Petri builds her piece around the challenge — impossibility — of writing music, and how Sondheim met that challenge. He may have been the master of new approaches but, it seems, he stood on a clear understanding of what is required, each and every time. Petri summarizes Sondheim's definition of what makes a good song-story this way:




A song is delivered in time, and it has only as long as it lasts to tell you what it is trying to say, whether you hear it or not.










It can’t be too clever, and it can’t be too dull. It has to land on your ear as a surprise. If it contains jokes, they have to rhyme. (If it contains rhymes, words that are spelled differently are funnier, Sondheim thought, than words that are spelled the same.) And it doesn’t hurt if it’s hummable.








The song has to take the character singing it somewhere. It has to be essential to the show. “If you can take the song out," Sondheim said, "and it doesn’t leave a hole, then the song’s not necessary.”
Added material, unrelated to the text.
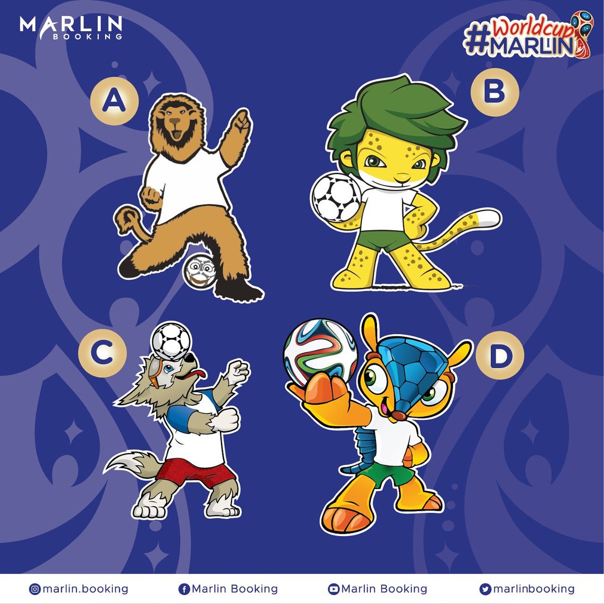 Marlin Booking on Twitter: “QUIZ TIME! Coba tebak dari ke empat maskot di atas, mana yang maskot dari Piala Dunia 2018? Dapetin pulsa 50K, syarat: 1. Follow sosmed Marlin Booking dan download

Petri confesses her own so-far-unsuccessful attempts to write musical theater. She goes on to talk about the "artificiality" of musical theater — but underscores how that very artifice sometimes tells a "higher truth" and helps us "occupy the spaces we move through too quickly."


Defining what makes a story


As I read, I kept thinking about the work we do as journalistic storytellers? Is it artifice? Of course, at some level. We can't ever be there for the true beginning or ultimate end of a situation. We can't talk to everyone who was involved. We certainly can't fully inhabit the experiences of those we write about. But most of the people I know pursue it as a craft, and with a humility that, they hope, reflects a higher truth.


That's when I went back to the opening of Petri's piece, and how she summarized Sondheim's definition of story. For all our talk about what makes a story work — or, more typically, what makes it a mess — can we state it that clearly? Can we build that kind of definitive foundation, then stand on it as we create? Shouldn't we?


Petri, channeling Sondheim, gives nod to the time-sensitive nature of music, noting that's what makes it different than the written word. What I took away is that what's really different is what's heard rather than read. No going back.


But much of our journalism is defined by time limits: Radio and broadcast with strict discipline; print with tyrannical deadlines. Take "hummable" and sub in "memorable." Then tick, tick boom! It's all there.